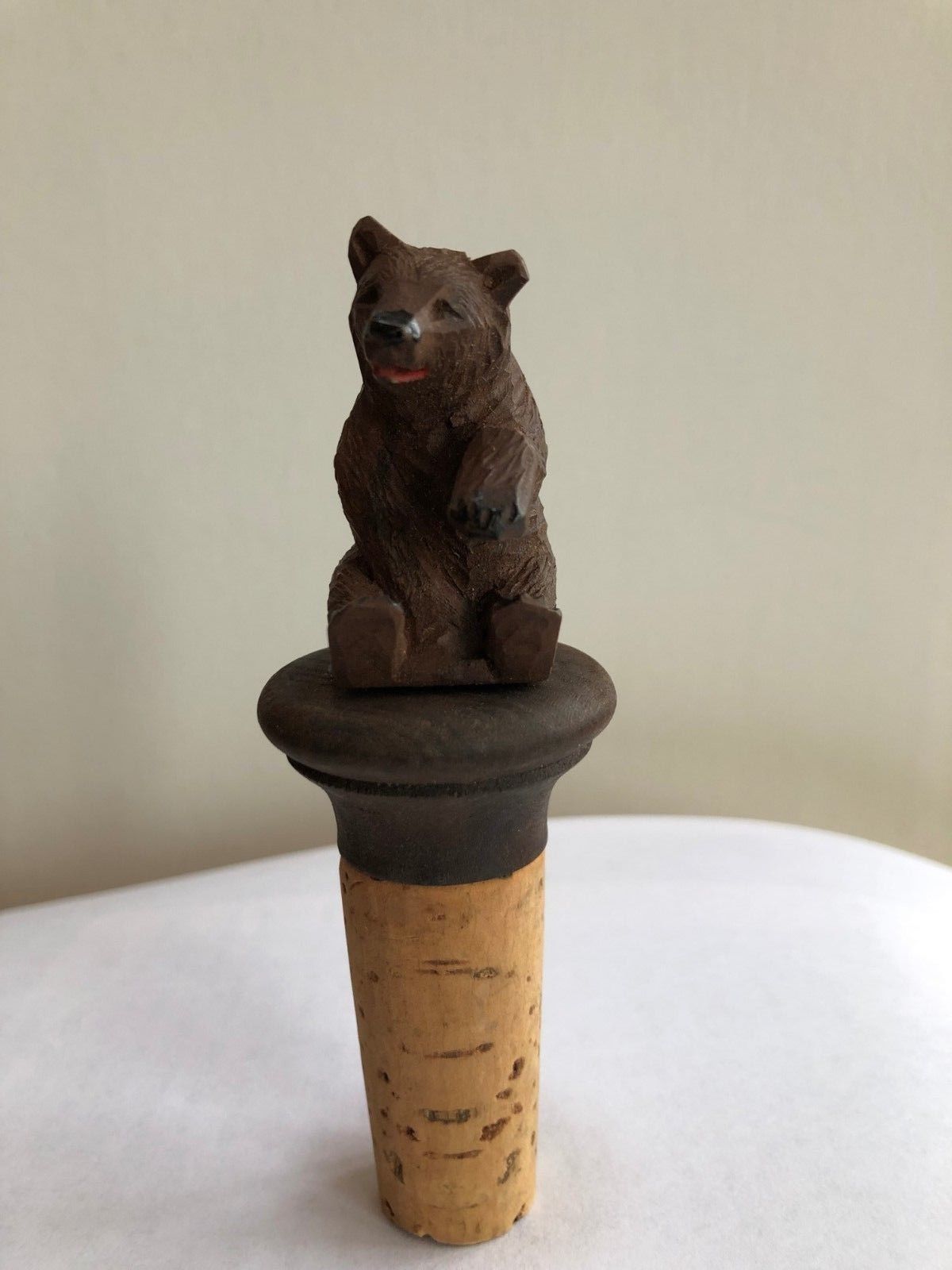 Vintage Carved Sitting Wooden Bear Cork Stopper Switzerland
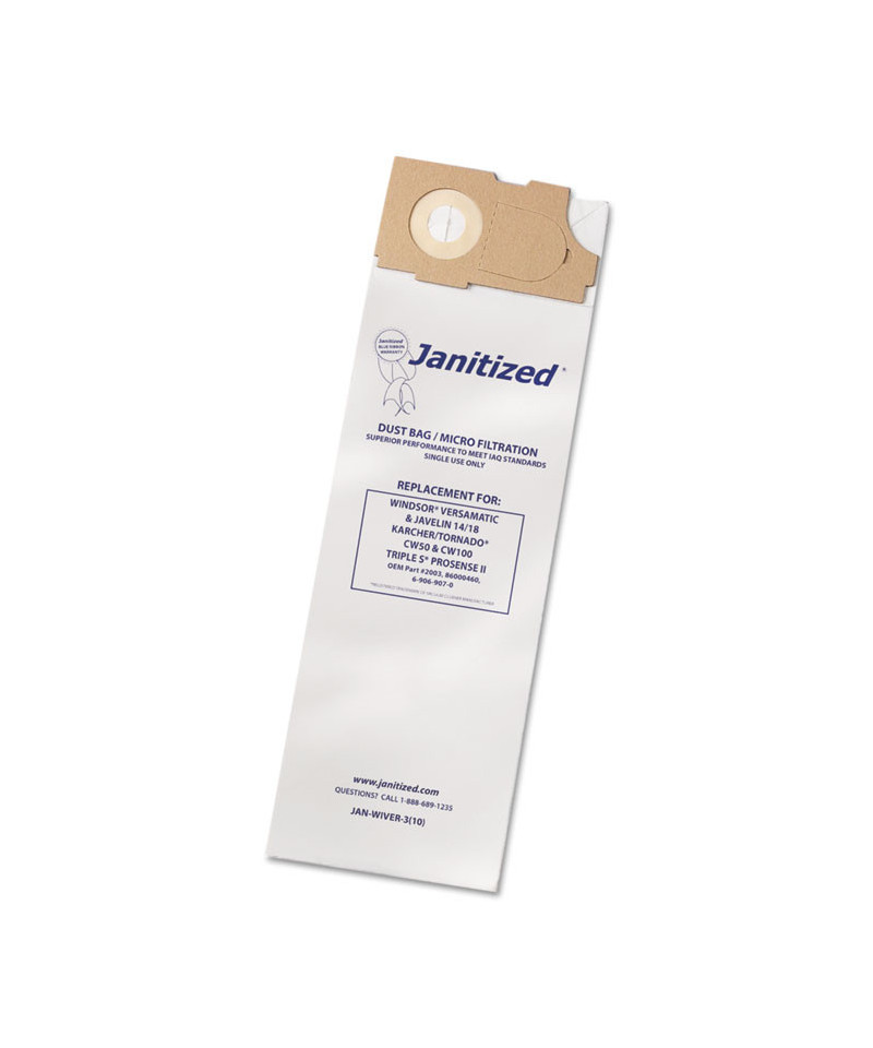 Designed specifically for commercial use. Premium filters and vacuum bags that meet or exceed OEM filter efficiency. Each filter bag is printed to easily identify the vacuum it fits. Proper filtration is vital when cleaning to prevent allergen and harmful particulates from being released back into the air. Janitized Vacuum Filter Bags provide indoor air quality, worker safety and facility clean air management.
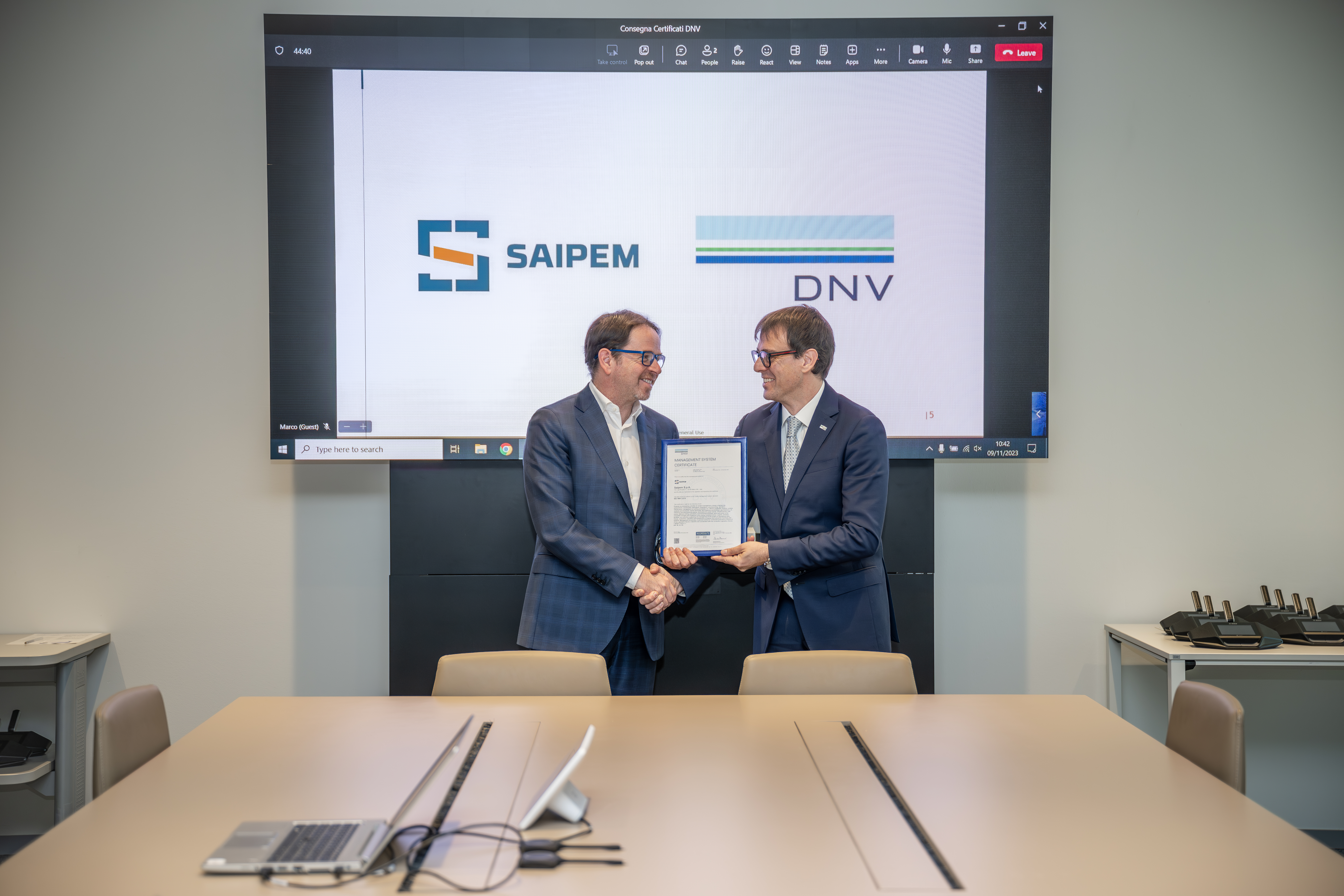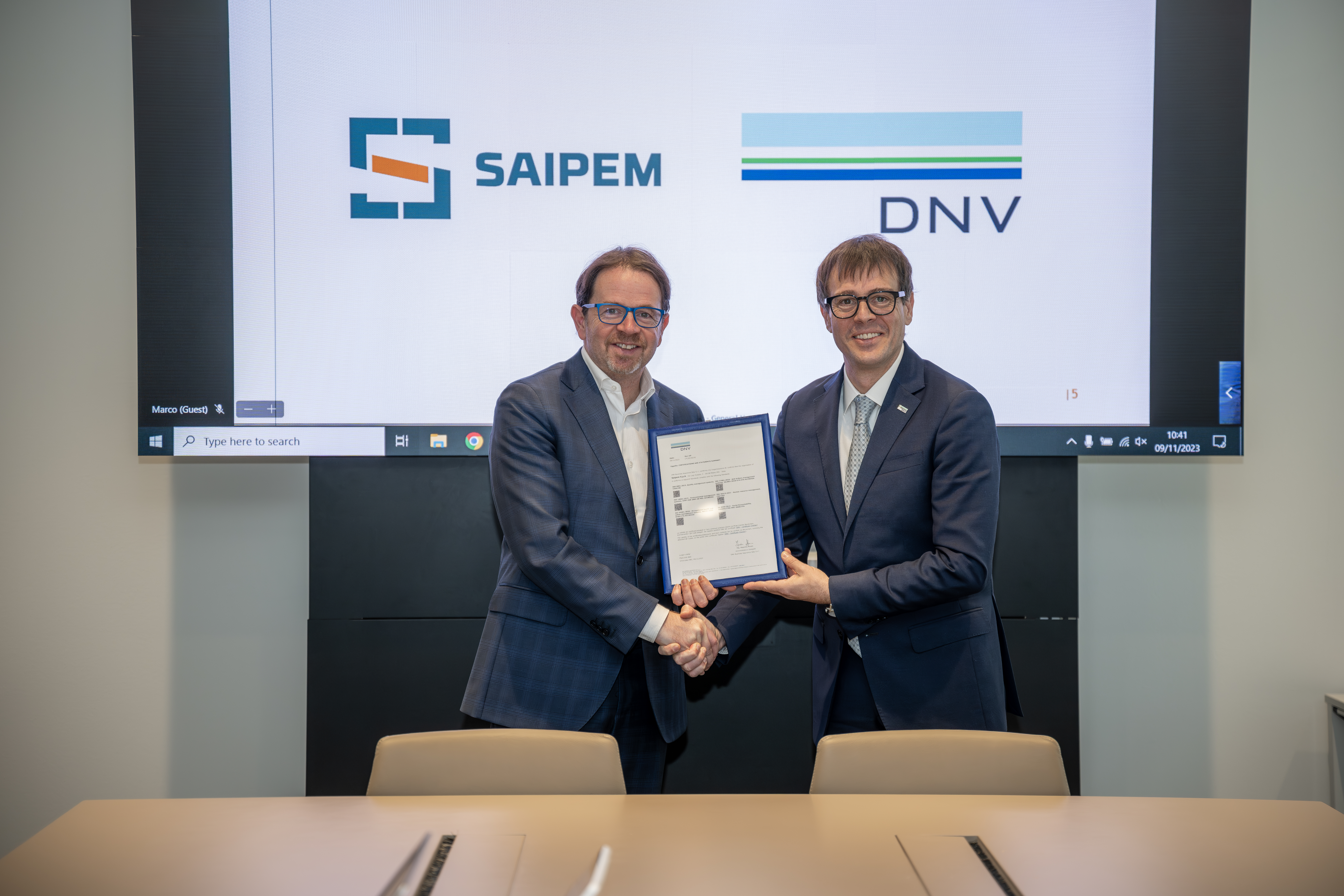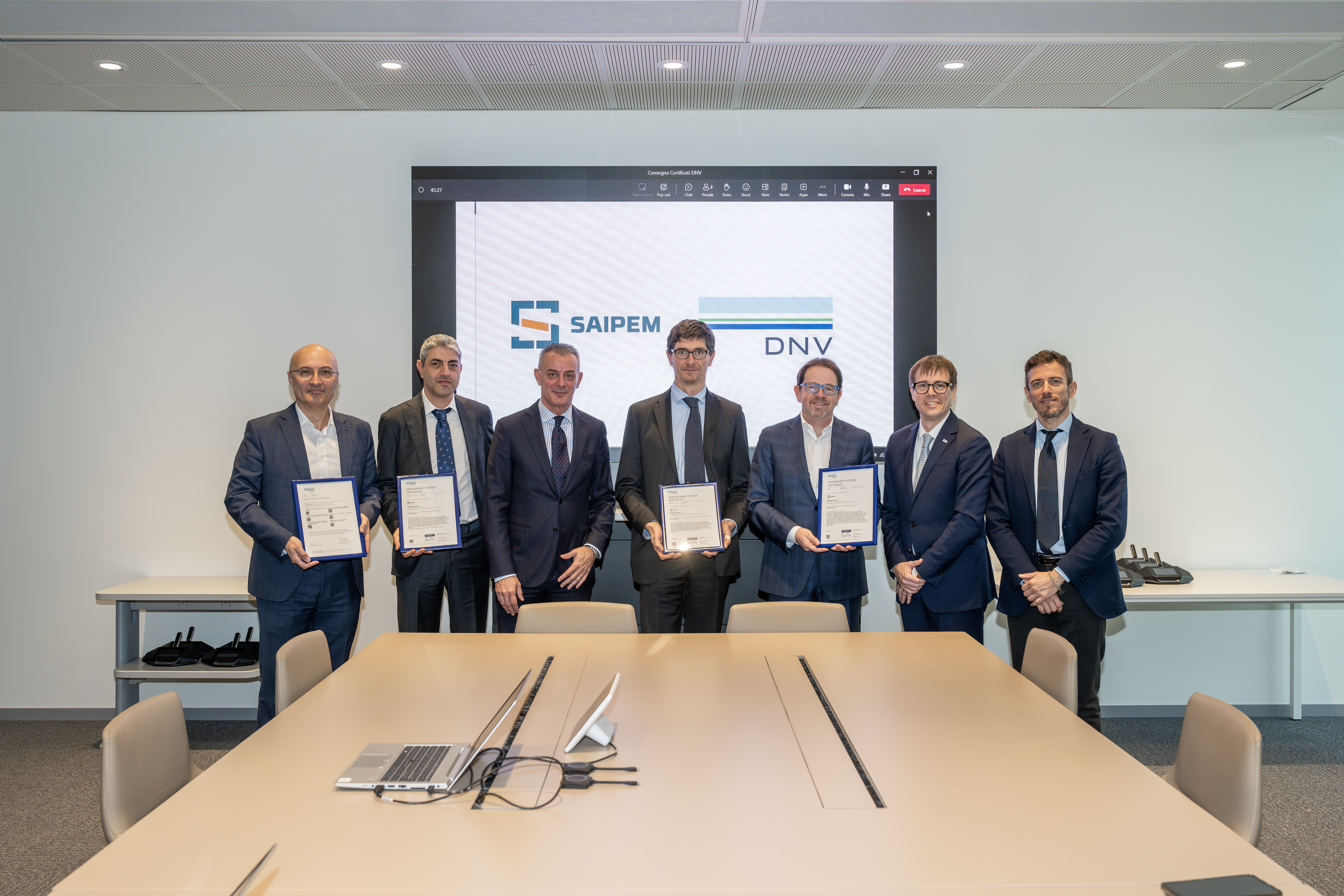 I certificati sono stati consegnati lo scorso 9 novembre dal Managing Director Business Assurance Italy per DNV, Ing. Massimo Alvaro al Chief People, HSEQ and Sustainability Officer dell’azienda, Dott. Massimiliano Branchi, in occasione di una cerimonia tenutasi presso il nuovo headquarter di Saipem a Milano.

::::::::

- [Task statement] An exact copy of the listing is required, with every image removed.

- [Final answer]
 Vintage Carved Sitting Wooden Bear Cork Stopper Switzerland
 Designed specifically for commercial use. Premium filters and vacuum bags that meet or exceed OEM filter efficiency. Each filter bag is printed to easily identify the vacuum it fits. Proper filtration is vital when cleaning to prevent allergen and harmful particulates from being released back into the air. Janitized Vacuum Filter Bags provide indoor air quality, worker safety and facility clean air management.
 I certificati sono stati consegnati lo scorso 9 novembre dal Managing Director Business Assurance Italy per DNV, Ing. Massimo Alvaro al Chief People, HSEQ and Sustainability Officer dell’azienda, Dott. Massimiliano Branchi, in occasione di una cerimonia tenutasi presso il nuovo headquarter di Saipem a Milano.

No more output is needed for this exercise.